A well written, readable but wordy insight into the formation of FC United, says Adam Wiseberg
Confidential often receives review copies of books and invariably I don’t get more than a dozen pages in before deciding that it won’t interest our readers. So it was a pleasant surprise to open Red Rebels and get past the introduction finding myself wanting to read more.
John-Paul O’Neill is clearly a football enthusiast who has supported United since he was a child. At eleven he was standing in the Stretford End without any parental accompaniment having done daily paper rounds to earn the money to pay for admission (£2.30 in 1990).

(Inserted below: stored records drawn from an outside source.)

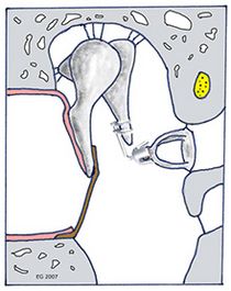 Tympanoplastik Typ I mit Unterfütterung des Trommeldefektes (braun) mit Muskelhaut ( = Faszie) oder Knorpelhaut (= Perichondrium)
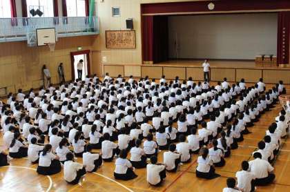9月14日(水)朝 3年学年集会では、夏休み中に多くの高校でオープンキャンパスや体験入学が行われ、参加した生徒もたくさんいるようですね。今月から来月にかけて、多くの高校で文化祭が行われます。まだ、体験入学などに参加していない生徒も見学してみてはどうですか。
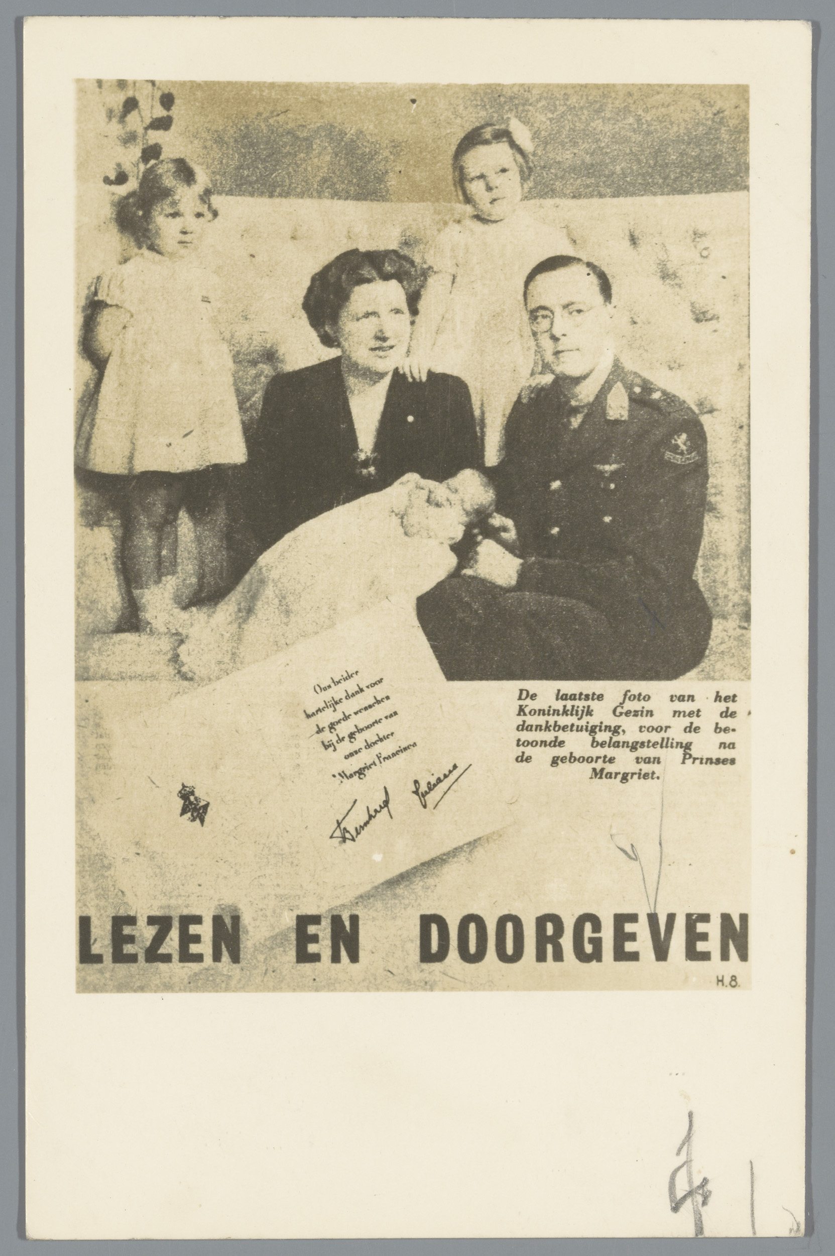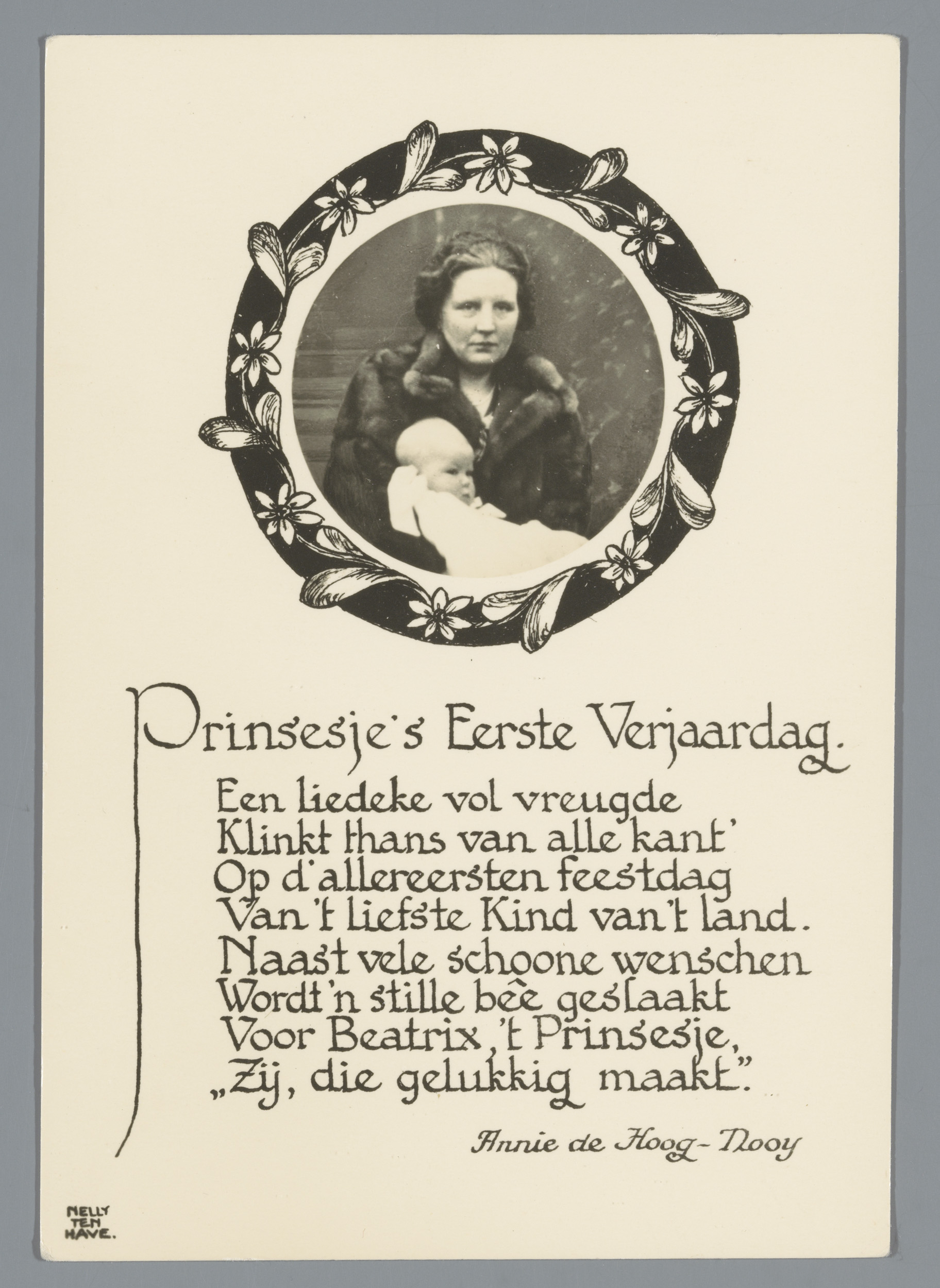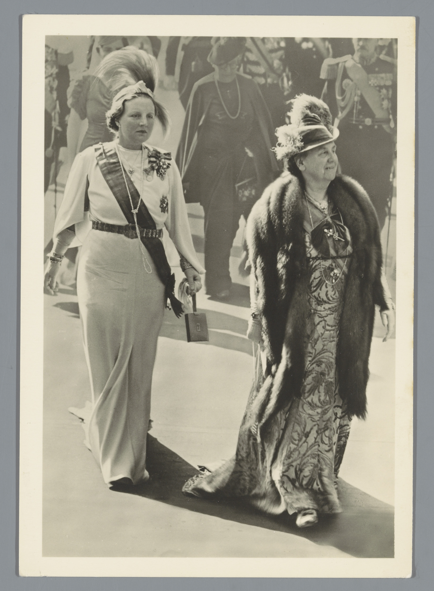Portret van koningin Wilhelmina, met daarnaast een g...
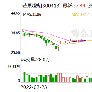 5月24日,芒果超媒逆市大涨,盘中涨幅一度扩大至10%,截至收盘,芒果超媒报37.44元,涨幅5.46%,总市值约700亿元。
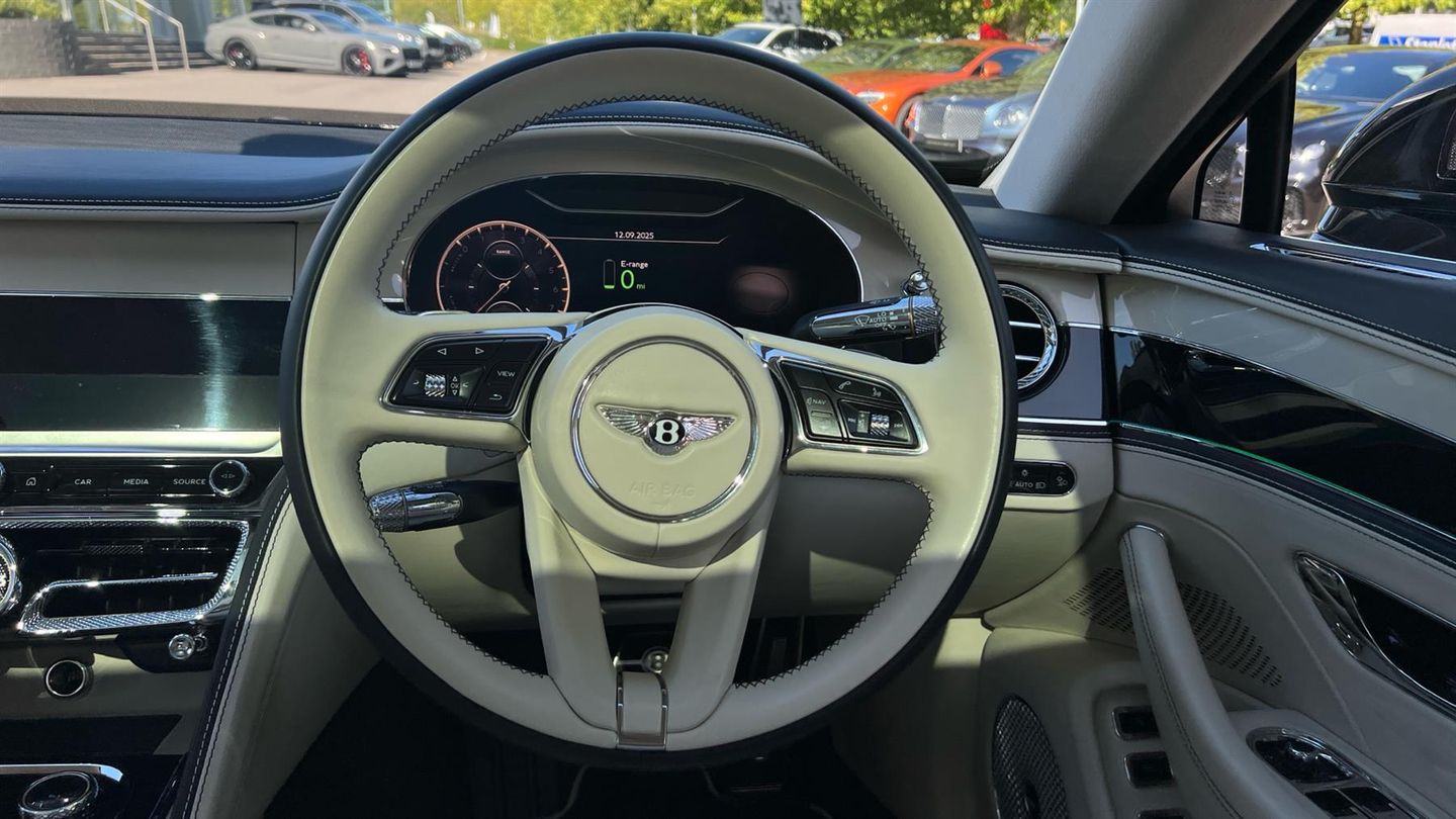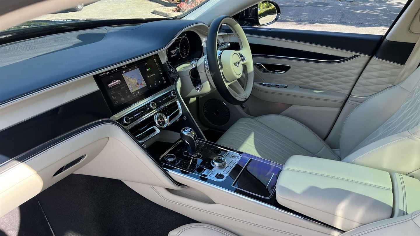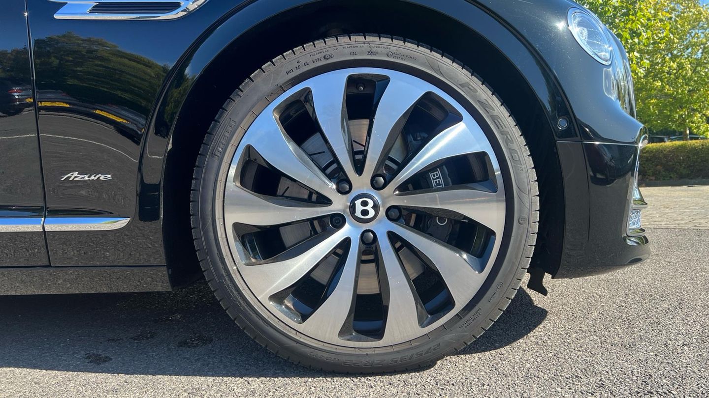 Bentley Azure Flying Spur V6 Hybrid in Black Crystal with a Linen Quited Leather Interion. Azure Specificartion including Touring and City Specification, Bentley Rotating Dash, Mood Lighting, 22 Ten Spoke Alloys, Four Wheel Drive Sysytem, LED Welcome Lamps, Lofted Diamond Hide Seats Heated with Ventilation and Massage, Illuminated Flying B Radiator Mascot - Bright Polished Stainless Steel, Veneered Picnic Tables Match to Upper, Naim for Bentley, Bentley Rear Entertainment, Remote Controlled Garage Door Opener, Dual Finish - Piano Linen over Grand Black, Diamond Knurling, Self Levelling Wheel Badge - by Mulliner..
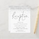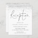 Ett budgetmässigt prist mindre än 4,5 x 5,6 tum alternativ. Finns i ett SEMI GLOSS 110 lb-kort LAGRAR, vilket är standardalternativet (rekommenderas för inbjudningar), ELLER SATIN AVSLUTAR 80 lb PAPPER LAGRAR (perfekt för bilagor). Kuvert är ett extra som tillval och är något större än det storleka kortet. Budget Silver Glitter bröllopsmottagning. Ett skript som anger elegant för överskriften och resten av texten kan du enkelt anpassa.
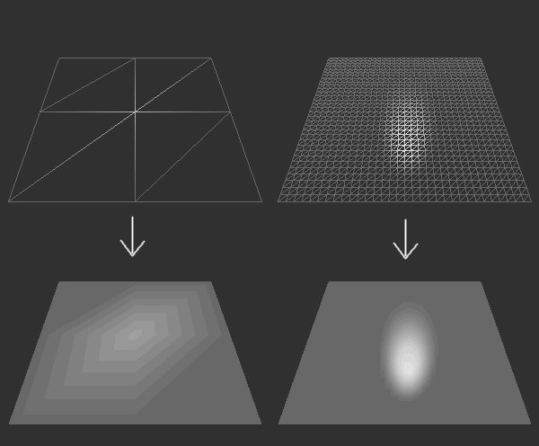 Eine quadratische Fläche wird in der Mitte mit einem Spotlight angestrahlt. Im linken Beispiel besteht diese Fläche nur aus 9 Vertices. Lediglich der mittlere Vertex wird vom Spotlight getroffen, die anderen 8 Vertices nicht. Obwohl der Radius des Spotlight wesentlich kleiner ist, als die quadratische Fläche, werden weite Teile der Fläche heller dargestellt, weil die Vertices soweit auseinanderliegen. (Farbabstufungen gibt es dabei aber nicht! Das liegt am Gif-Format!)

He was one of a large number of United fans who were dismayed at the takeover of the club by the Glazer family in May 2005. Many of them believed that the time had come for a new football club which was owned and controlled by its fans, and O'Neill helped to form the first Steering Committee for FC United of Manchester. Remarkably, within three months they had a ground share agreement with Bury FC, a Board of Management, a manager and a football team and were playing in the North West Counties Division Two.
The support was phenomenal and whilst NWC Division 2 games usually attracted a few hundred spectators (many had fewer than a hundred), FC were immediately playing to crowds of three to four thousand and breaking attendance records for the Division at every ground they visited.
They were promoted for the first four seasons of their existence and then spent six years in the Northern Premier League Premier Division. Promotion to the Conference North followed at the end of the 2014/15 season and there they remain.
Having abandoned formal education at fifteen (despite taking his GCSEs a year early), O'Neill is clearly a proficient writer.
The book devotes the first two chapters on the post-Munich history of United explaining how the structure of the club was changed over the next thirty years until bought by the Glazers. Although brief this part is fascinating. Readers will be particularly interested in the way the author portrays Alex Ferguson’s part in this drama.
The next couple of chapters cover the formation of FC and the first season, then we seem to go time travelling. Virtually the entire second half of the book deals with O’Neill's various arguments and fall outs with successive FC Boards and, in particular, the first General Manager, Andy Walsh, who was in control from the start until June 2016.
O’Neill believes that the Club suffered from Founders Syndrome and it certainly appears that it was not well run during many of its formative years. With a new General Manager in place and under a significantly revamped Board he thinks that many of the problems have now been addressed.
It’s clear that O’Neill has not seen eye-to-eye with many of the people who have been responsible for running FC and the second half of this book delivers chapter and verse (nine chapters to be precise) on these travails.
O’Neill manages to compress 47 years of United’s history from the Munich tragedy until 2005 into two chapters. I think the book would be an easier read if he’d managed to cut fifty pages from the second half.
Nevertheless, if you are interested in football or United you’ll probably find this a fascinating book. It’s well written and readable, but would have benefited from an editor's pen.